Она взглянула даже на высокие ширмы, где тесно сидело несколько человек. Они молча подняли на заглянувшую блестевшие в полумраке глаза, и успокоенная Полина, на ходу бросив им: «Ничего, ничего, я так…», отошла к столику, который занимали супруги Царевские, оба Пекарские и какой-то высокий стрелок. Полину встретили шутливыми приветствиями, и она быстро забралась с ногами на скамью между Лелечкой и Лавриком, не переставая обводить беспокойным взором комнату, как будто отыскивая, нет ли каких новых комбинаций в распределении и соединении гостей по группам. Очевидно, все было по-старому, так как Полина очень скоро занялась своими непосредственными соседями. Вскоре к их столу присоединились Иней, Шпингалет и два гимназиста с челками, которые водрузили около Полины ее знаменитую сумку, муфту, боа и еще какие-то принадлежности, которых всегда казалось очень много. Устраиваясь на скамье, Полина Аркадьевна не переставала говорить как-то зараз со всеми окружающими:
– Ах, Лелечка, идол мой! Дайте мне ваши губы! Что может быть лучше розовых губ! Не правда ли, Лаврик, да? Я знаю, ты понимаешь это! И Орест тоже! Он такой тонкий художник. Правды Львовны нет? И не будет? Мне так много нужно бы ей сказать! Я так замучилась сегодня в Манеже. Битые три часа ездила верхом. Вы стрелок? Всегда живете в Царском? Я обожаю это место. Там веет дух Екатерины. Одну зиму я провела в Павловске. Это было время больших переживаний… Жизнь, ведь это такая фантастика!.. А тебе, Орест, я тоже многое должна сказать. Но тебе одному, так что потом попрошу тебя выйти со мною за ширму. Мушку? Это мне Иней посоветовал посадить ее под левый глаз. Что же, по-моему, это не плохо… Я так люблю Сомова…

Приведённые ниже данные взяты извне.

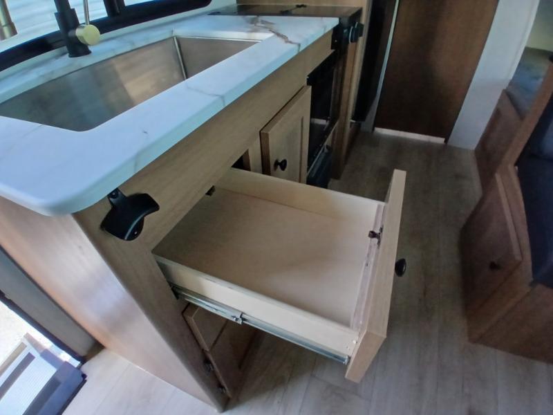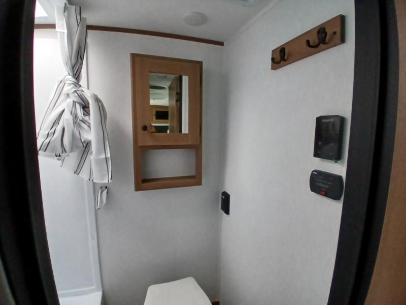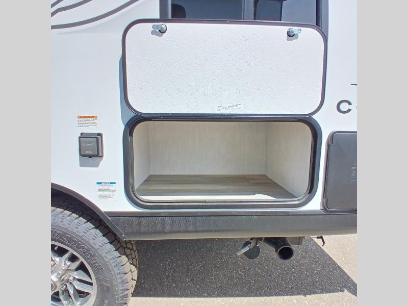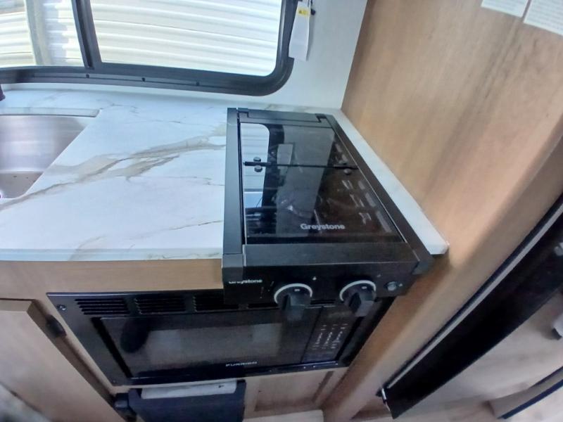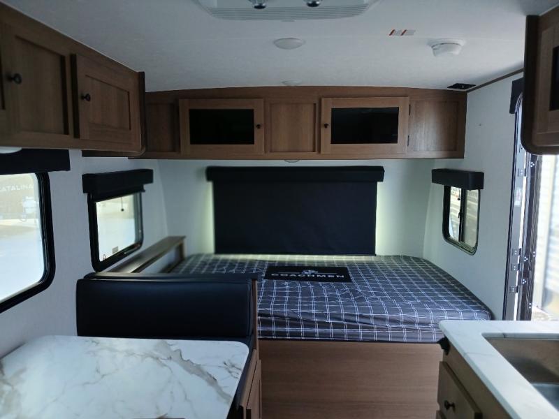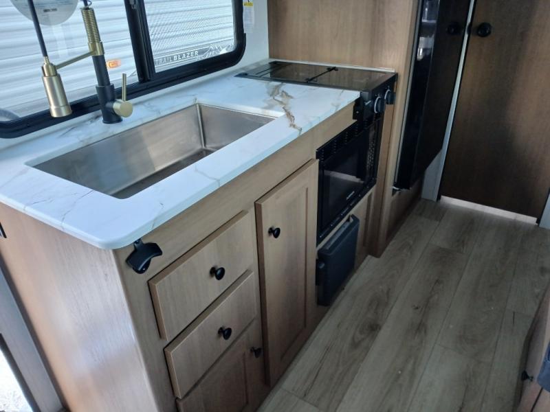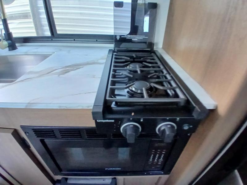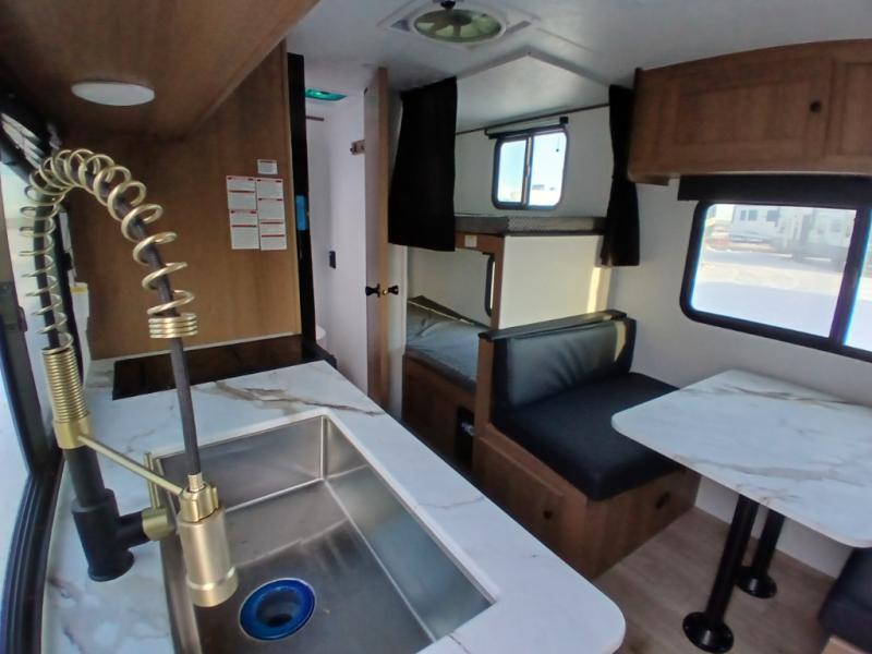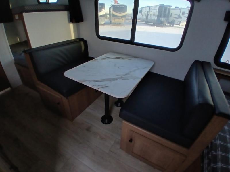 There's a comfortable place for everyone to sleep in this travel trailer with a front 54" x 80" bed and set of 30" x 74" bunk beds! The booth dinette can even transform into an extra-sleeping space when you're not using it to enjoy a meal prepared with the two-burner cooktop, microwave, and 8 cu. ft. 12V refrigerator. The rear corner bathroom has a tub/shower for you to start your mornings feeling clean and fresh, plus a medicine cabinet to keep your toiletries close. You will have plenty of room to store your outdoor gear between the front exterior pass-through storage area and the rear exterior storage area!

Тут Полина Аркадьевна на время перестала говорить, занявшись свиной котлеткой. Офицер, в первый раз бывший в «Сове», вежливо и деликатно ухаживал за Лелечкой, рассказывая, как он охотится у себя в Смоленском имении, что было на скачках и какие последние книги он читал, несколько стыдясь перед этой артистической и, по-видимому, модернистской блондинкой, которая ему очень нравилась, за отсталость и неинтересность своего чтения. Полина с грохотом отодвинула тарелку, опрокинув при этом стакан, и, схватив Лелечку за обе руки, начала восторженно:
– Лелечка! дай мне твои глаза! Я их выпью, как вампир… Какое счастье! Какая прелесть; пить женские глаза; чистые, светлые!.. Не правда ли, Лаврентьев, какая прелесть наша Лелечка?
Офицер, отвернувшийся было от восторженной сцены, неровно покраснел и сказал с запинкой:
– Елена Александровна – одна из самых красивых женщин, которых я встречал.

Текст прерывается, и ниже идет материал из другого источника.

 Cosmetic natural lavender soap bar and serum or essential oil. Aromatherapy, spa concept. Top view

– Фу, противный бука! Как вы официально говорите! – воскликнула Полина, глядя исподлобья и хлопнув офицера по руке.
Тот проговорил, смутясь еще более:
– Я здесь в первый раз, Полина…
– Аркадьевна, – подсказала ему дама. – А лучше всего зовите меня просто Полина, здесь не стесняются, а со мной стесняться было бы даже совсем не стильно.
Они чокнулись втроем, и Полинины мальчишки разом зашаркали ногами. Леонид Львович, сидя на краю стола, обводил глазами комнату, скучая и не зная хорошенько, что ему делать, как вдруг его внимание было привлечено разговором за соседним столом, где сидело три бритых человека и старик в очках. Они говорили так громко, что привлекли внимание и других окружающих, особенно же Лаврика и Пекарского, потому что, по-видимому, говорили о двух последних.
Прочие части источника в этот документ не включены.